Hazy Outlooks for Monetary Policy, Virus Roil Yield Curves and Boost Bonds

U.S. Treasuries rode a wave of momentum into December amid a confluence of perceived risks around the outlooks for central bank policy, inflation, and a new variant of COVID-19. In response, investors have bid up prices of sovereign bonds, pushing yields lower, while stocks suffered losses.

The risks driving these moves may persist into year-end and could contribute to volatility across financial markets. The U.S. Federal Reserve now faces a balancing act as it looks to taper the bond-buying program it implemented last year to counteract the economic effects of the pandemic. Other central banks confront similar policy challenges.

Making waves across yield curves

The U.S. yield curve seesawed in November, reflecting shifting expectations for inflation and monetary policy.

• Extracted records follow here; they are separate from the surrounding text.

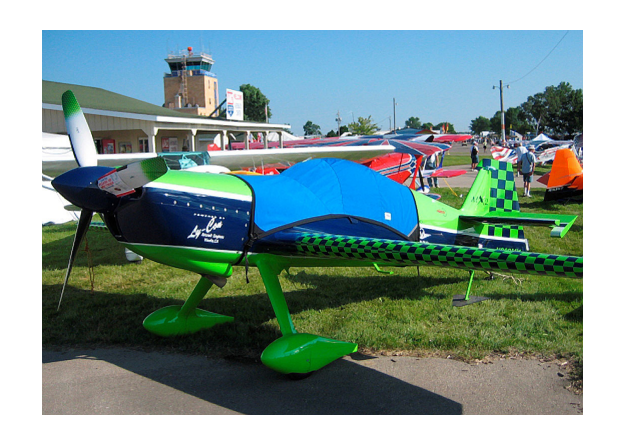
MX-2 Canopy Cover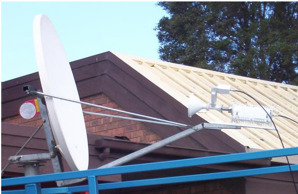
Product or Service Image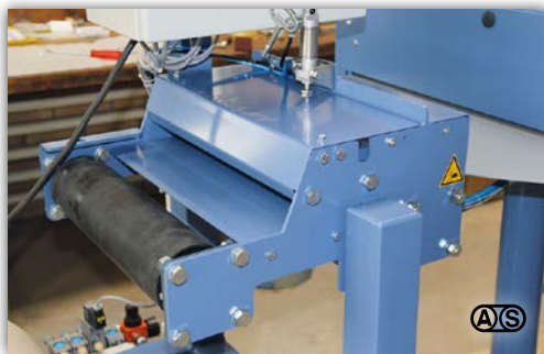
Inlet to feeding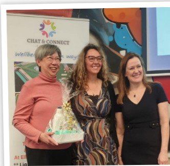
Supported Ellenbrook Chat & Connect... celebrating 2 years!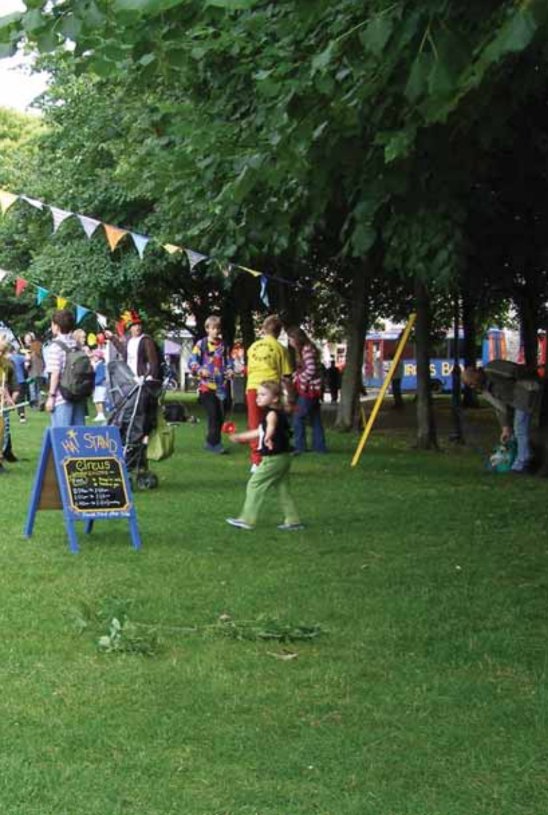
Attitude is Everything Archive

Temporary tracks: Lay temporary tracks or matting for wheelchair users and other people with mobility impairments to stop them sinking into the mud. You also need to make sure there is enough space for cars and wheelchair users to pass each other.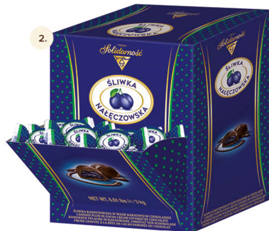
Naleczowska Plum in chocolate** 3 kg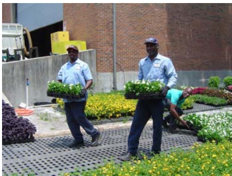
Landscape employees preparing for spring planting.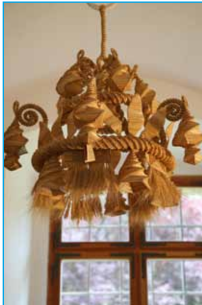
In the past, handicrafts were very important.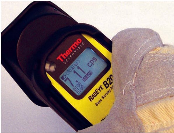
Can be operated with gloves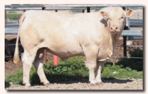
Our top priced bull at our Roma 2022 Sale Glenlea Louis R305E (P) Lot 4 Sold for $32.000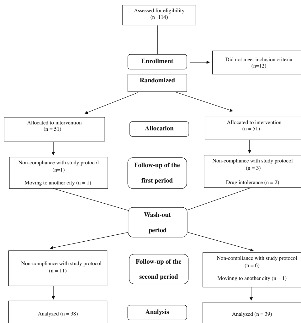
Fig. 1 Flow chart of the trial

FBS was not significantly affected by simvastatin nor by the placebo ( P > 0.05 ). However, mean baseline values for BMI and weight were significantly different between the first and second periods of treatment ( P = 0.019 and P = 0.003 , respectively) (Table 1).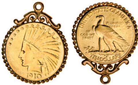
2787* USA, ten dollars or eagle, 1910S, Indian head (18.58g). Set in ornate rope entwined and scroll surround mount, very good.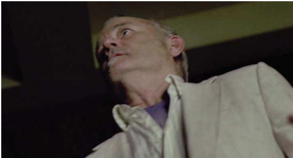
...suddenly suffers a loss of consciousness...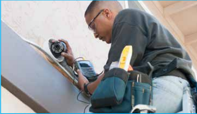
CCTV installation, Management & Maintenance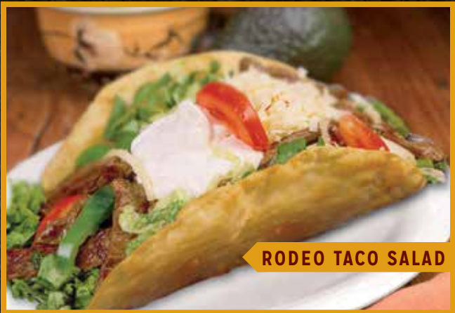
RODEO TACO SALAD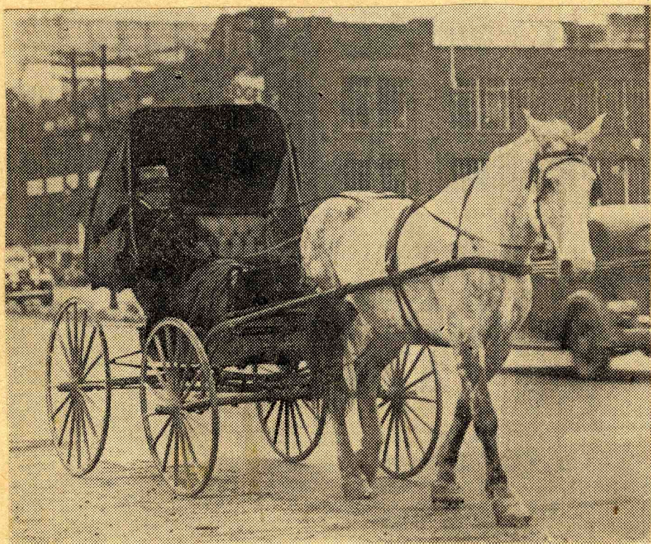
The old GREY MARE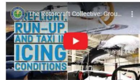
Helicopter Ground Operations in Icing Conditions - The Rotorcraft Collective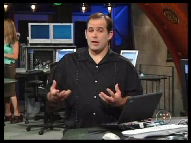
Patrick: Patrick must purge! Must get sk8rs out of head now!

Patrick: Patrick hate her! Patrick not good enough for her!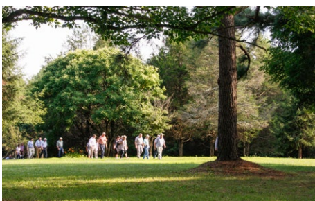
Germanna descendants walk where their ancestors first settled in America: Fort Germanna.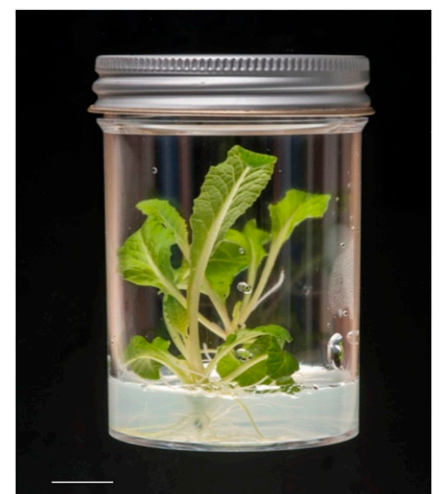
Fig. 2. Regeneration and rooting of Primula vulgaris plantlets. Plantlet after 4 weeks growth on a phytagel woody plant medium with 0.5 mg·L -1 indole-3-butyric acid. Scale bar = 1 cm.

2,4-D, 2.0 mg·L -1 TDZ for 4 weeks, followed by a further 8 weeks on PSR medium supplemented 3.0 mg·L -1 TDZ, 0.3 mg·L -1 NAA, and 3.4 mg·L -1 AgNO 3 . The isolation and rooting of plantlets on WPM began after 5 weeks on PSR medium. A subset of three P. vulgaris 'Sue Jervis' plantlets were transferred to soil and successfully acclimatized.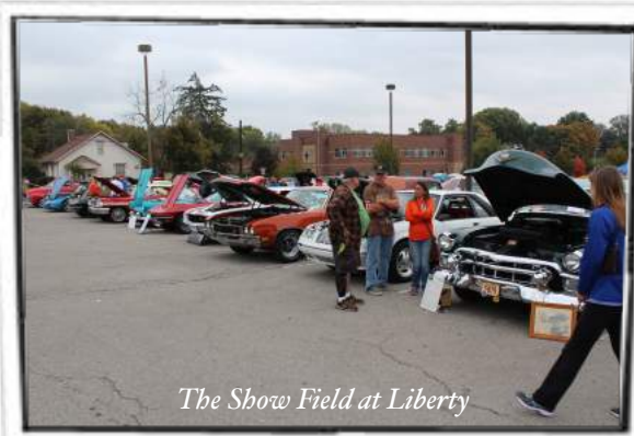
The Show Field at Liberty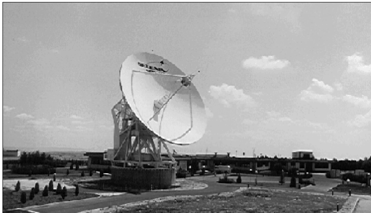
Figure 1. The Matera “Centro di Geodesia Spaziale” (CGS)

The Matera VLBI station is located at the Italian Space Agency “Centro di Geodesia Spaziale” (CGS) near Matera, a small town in the South of Italy.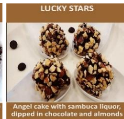
Angel cake with sambuca liquor, dipped in chocolate and almonds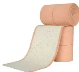
Elastic Adhesive Bandage BP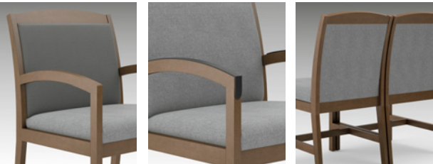
CONTRASTING FABRIC OPTIONAL PROTECTIVE ARM CAPS GANGING

Timberlane offers a variety of styles, each with their own purpose. In addition to various back designs, tandem options, and bariatric models, Timberlane offers accents to create the exact look you desire. Add contrasting fabric to achieve intriguing visual displays. Optional protective arm caps add durability for high-use areas. When ganging is needed, Timberlane offers solutions to keep seats aligned and connected. Accommodate any space with Timberlane's allure and versatility.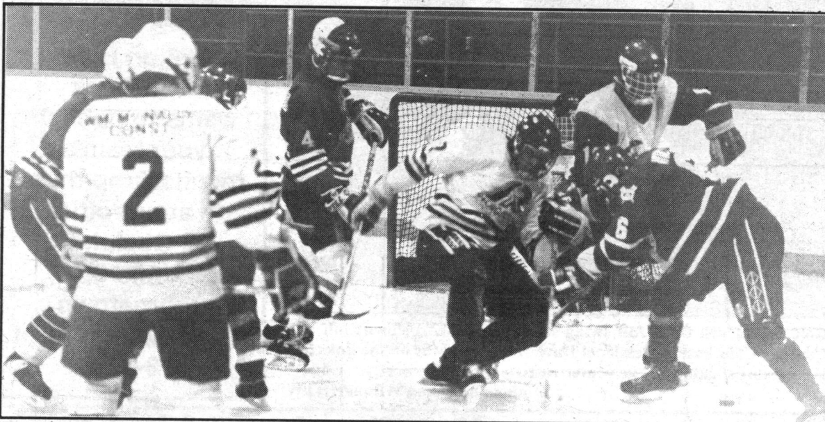
The first session of the Georgetown Chrysler Raiders rookie tryout camp at Gordon Alcott Arena on Tuesday attracted roughly 80 junior hockey hopefuls, in a rough and tough, skating, shooting and scrimmage session.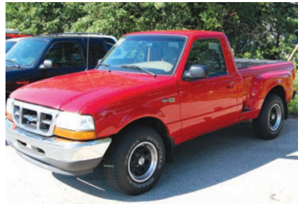
1998 Ford Ranger step-side Air, auto, 4 cyl, bedliner. As low as $149 month

Good Credit? Bad Credit? No Credit? No Problem!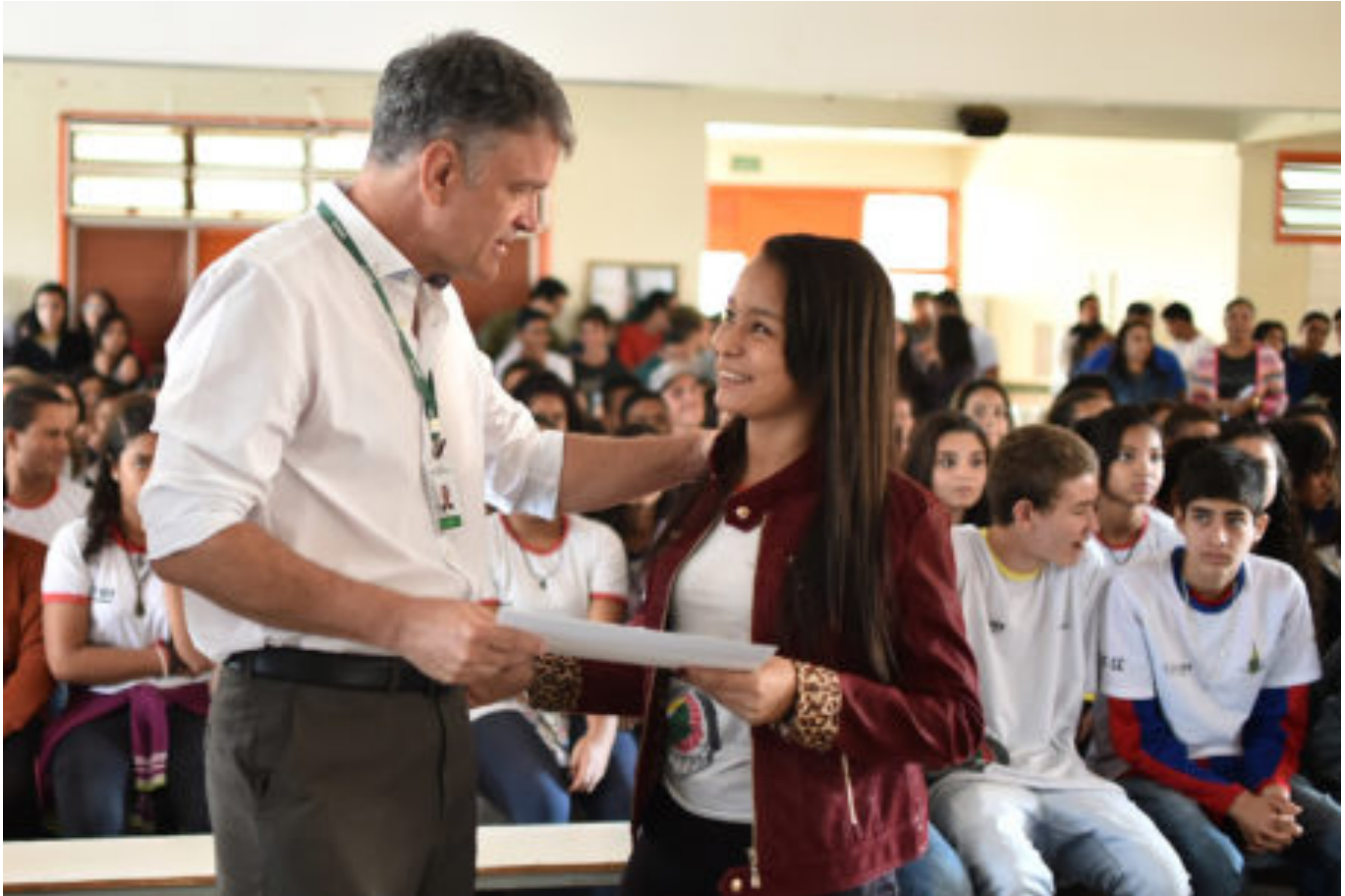
Figure 1: The winners of the civic audit received a certificate from the Comptroller-General, Henrique Ziller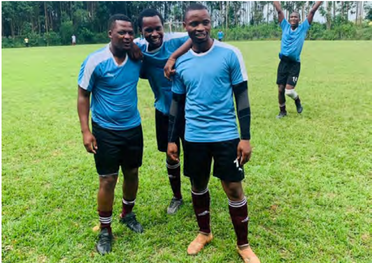
Team celebrating the goal

A healthy mind in a healthy body produce a productive employee.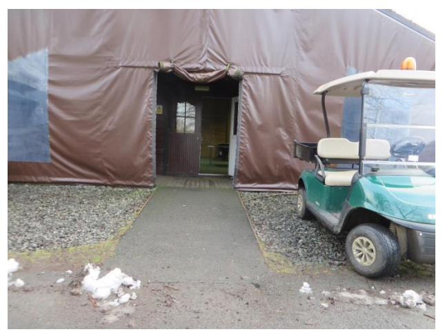
3. Approach to games room 1 in 17.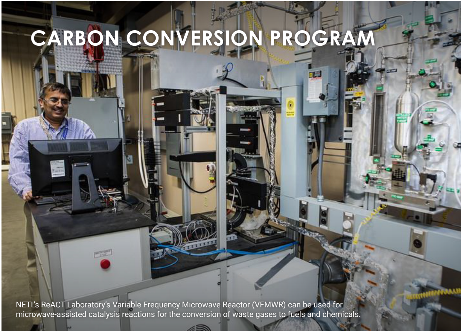
NETL's ReACT Laboratory's Variable Frequency Microwave Reactor (VFMWR) can be used for microwave-assisted catalysis reactions for the conversion of waste gases to fuels and chemicals.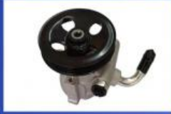
Power Steering Pump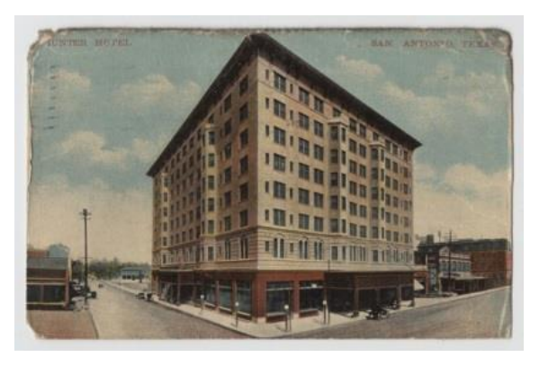
The Gunter Hotel – San Antonio, TX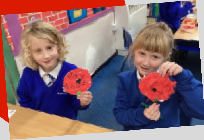
Poppy making in Maple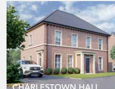
CHARLESTOWN HALL Lisburn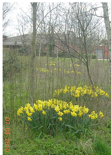
Mountford Copse site of wildflower planting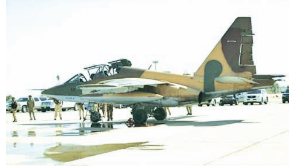
A Russian Sukhoi Su-25 fighter plane arrives at Iraq's al-Muthanna military airbase at Baghdad airport, in Baghdad, on 1 July, 2014.

Shi'ite lawmakers sought to shift blame to the Sunni and Kurdish blocs, saying the premiership was the last position to be named in the constitutionallydefined process.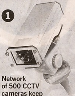
Network of 500 CCTV cameras keep watch over streets

"The CCTV element is part curiosity, like a 21st-century version of Big Brother, and partly about security," said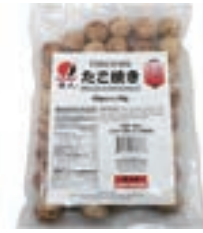
MH61888 TAKO YAKI GRILLED OCTOPUS BALL 4PK/45PC/30G "TETSUJIN"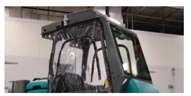
Protect operator and machine Ensure safety in severe environments with heated and cooled soft cab.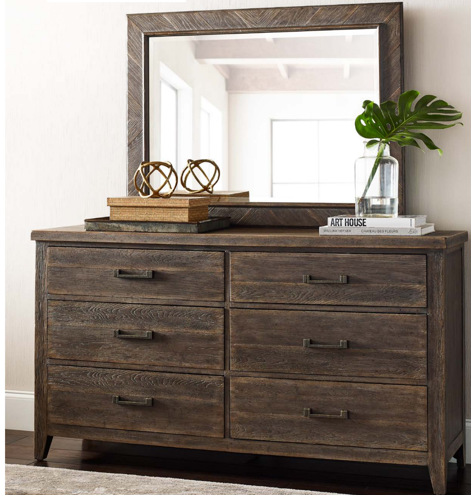
012-040 CORA MIRROR 012-130 LOWELL SIX DRAWER DRESSER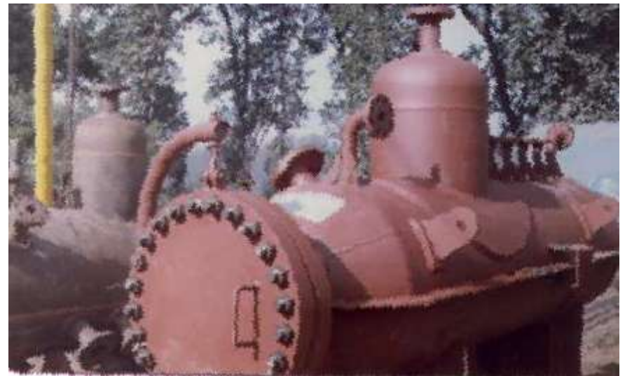
Pressure Vessels, Supplied to: - M/s. Kinetic Technologies Ltd., New Delhi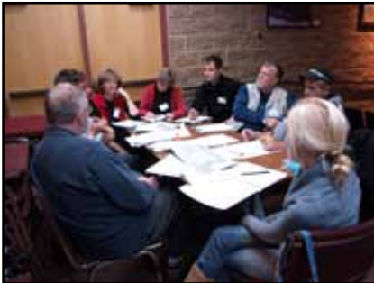
Goderich CHL Workshop, October 2009

The Historic Places Initiative team participated in many community events throughout 2009.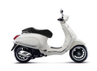
605944M00A GRAFICHE "SPRINT" ARGENTO "SPRINT" STICKERS SILVER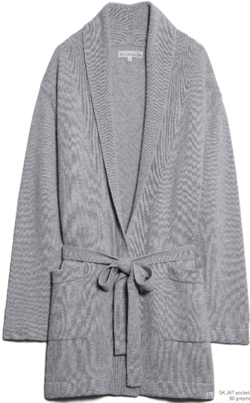
SK.JKT pocket jacket 80 greymelange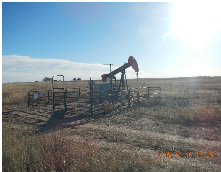
4. Well location overview.

Treasuries rallied at the start of the month as the spread between the five-year note and the 30-year bond, known as the 5s30s yield curve, steepened. This came after dovish moves from some central banks surprised investors, including the Bank of England (BOE) maintaining its policy rate rather than raising it, and European Central Bank (ECB) pushing back against market pricing that signaled expectations for interest rate hikes.

U.S. yields then moved higher toward mid-month, led by the front end of the curve, after data showed a continued acceleration in inflation, and as several Fed officials spoke about increasing the pace of tapering. The 5s30s yield curve flattened to 60 basis points (bps), a level not seen since early 2020.